Thursday, July 14, 2011

The Abused

My Darling,
You have a life of fun and freedom, yet I am being locked away. I am being kept chained up at the bottom of the stairs in your basement. It is so lonely here! I am so alone in this dark empty space, with nothing to console me but my never ending sorrow and self pity. Sweat-soaked and badly bruised, I have no life of my own, just your company to look forward to whenever you do decide to come and visit me. The only times you do come down to see me is to have your way with me. Pleasure and pain have become so synonymous that I can no longer tell the difference!
Am I to waste away in these chains forever just for your amusement and satisfaction? At what point did it come to this, that I would settle for a life of bondage, casting away my own freedom?
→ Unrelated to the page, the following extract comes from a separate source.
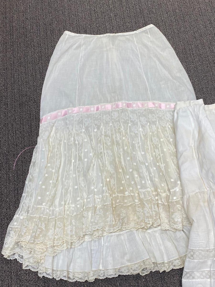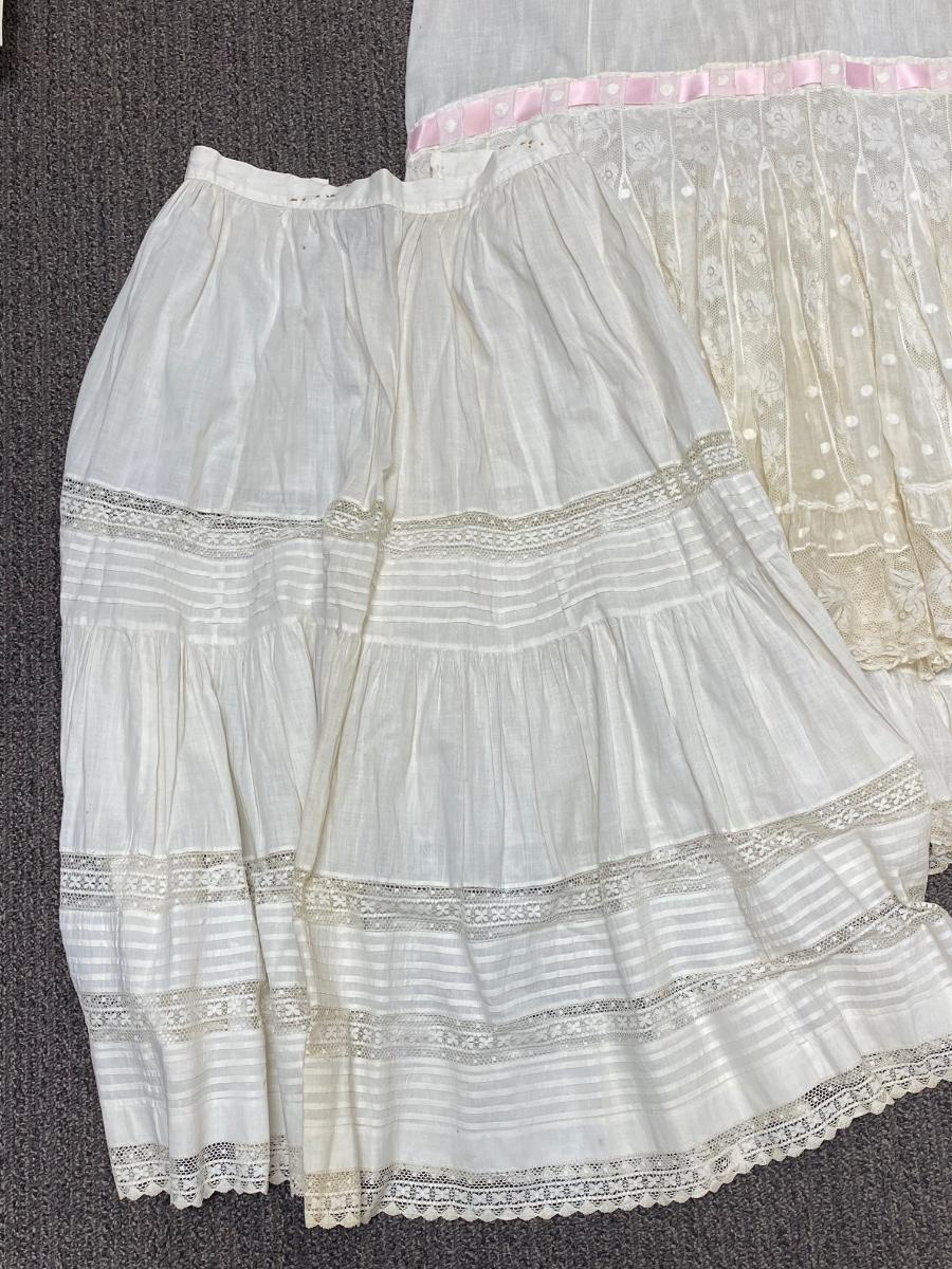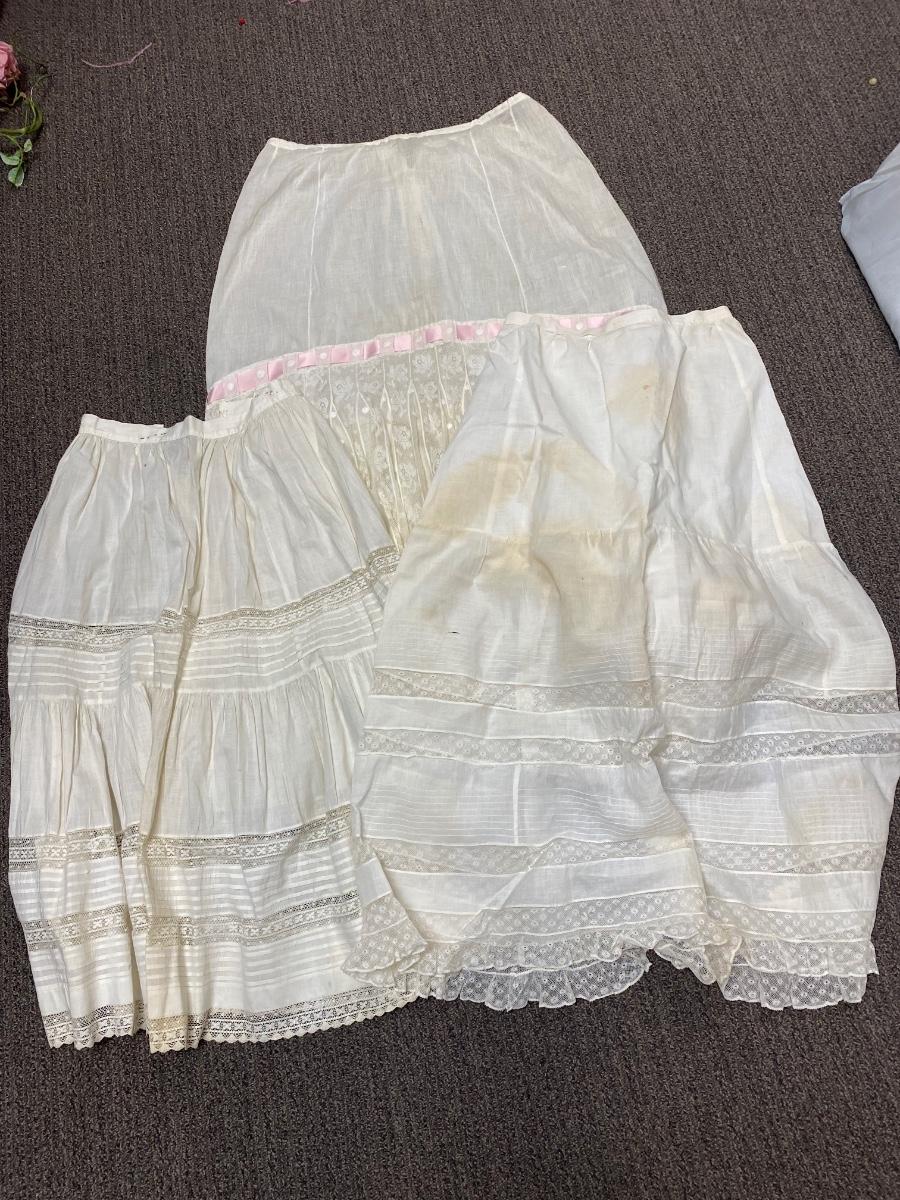 Lot of Three White Cotton Gibson Girl Victorian Skirts Petticoat

We used to love one another and go do things with each other. What went wrong? Did I cause this?  When you bring friends over, I can hear them upstairs with all the parties, the laughter, everyone is having a good time. No one knows about me do they? Everyone on the outside is unaware of  what is really going on in your home. You put on such a good show! People look up to you in the outside world, not knowing who you really are!
It does not matter to me anymore anyway! Its been so long since I have seen the outside world, that I can barely remember it. I have come to enjoy our time together, and have grown to look forward to it! Some how my body has confused my mind into believing this pain you inflict upon me is really pleasure! I want to be chained! I want to be whipped, beaten, battered, and bruised! Have your way with me as often as you please! It has now become the only way I feel loved! My bruised heart and body have both become scared by marks of passion! I once had wanted to be set free from  these chains, but now these chains have become the only way I know you still care! Don't ever take your chains away from me! Now that my life is gone, I have now become comfortable living with the role I play in yours!